Telegeography has published the 2014 edition of its submarine cable map, providing an excellent representation of the infrastructure that makes global connectivity global.

Telegeography's submarine cable map.
photo: Telegeography

Great news for connectivity connoisseurs: the analyst firm TeleGeography just published this year’s edition of its world map, featuring all the submarine cable systems that comprise the arteries of the internet.

The map also shows the cables’ landing points (easier to see if you zoom in on the interactive version), which is handy for those who take an interest in the current surveillance scandal. Why is British intelligence so good at tapping cables? Here’s why – so many of them pass through the U.K.:

Cable map UK

The 2014 edition includes 263 cables that are lit (in service), and 22 that should be lit by the end of 2015, so 285 cable systems in total. Last year’s map showed 244 cables, and the year before that just 150, so the cable-laying boom of a few years back has definitely slowed down.

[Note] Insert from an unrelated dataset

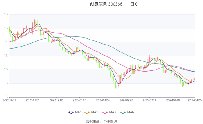 以4月26日收盘价计算,创意信息目前市盈率(TTM)约为-11.18倍,市净率(LF)约为2.77倍,市销率(TTM)约为3.17倍。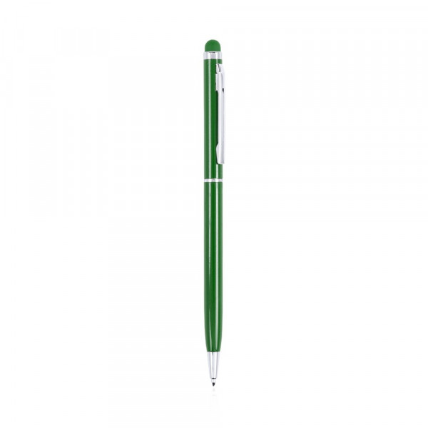 Pointer ball pen with twist mechanism and ultra-fine aluminum body in a smooth metallic finish in varied colors and matching color stylus. Details and rings in silver color. Blue ink.

Unfortunately this year’s edition lacks a neat feature of Telegeography’s 2012 and 2013 maps, which was a breakdown of how much of the cable systems’ capacity is actually being used. It also doesn’t have the 2013 edition’s Olde Worlde appeal. On the plus side, it does offer a good breakdown of cable faults over recent years, cable-laying ships and maintenance zones, if that’s your thing.

One cable system that’s not on the map, probably because it will only go live in 2016, is the Asia Africa Europe-1 (AAE-1) cable that was detailed on Tuesday. AAE-1 will run from South-East Asia to Africa and Europe via the Middle East, and yesterday the backing consortium announced membership including the likes of China Unicom, PCCW, Etisalat and Ooredoo.

  1. Reblogged this on Journey to Moksha and commented:
    Got to love it when the World Map is portrayed in a different way.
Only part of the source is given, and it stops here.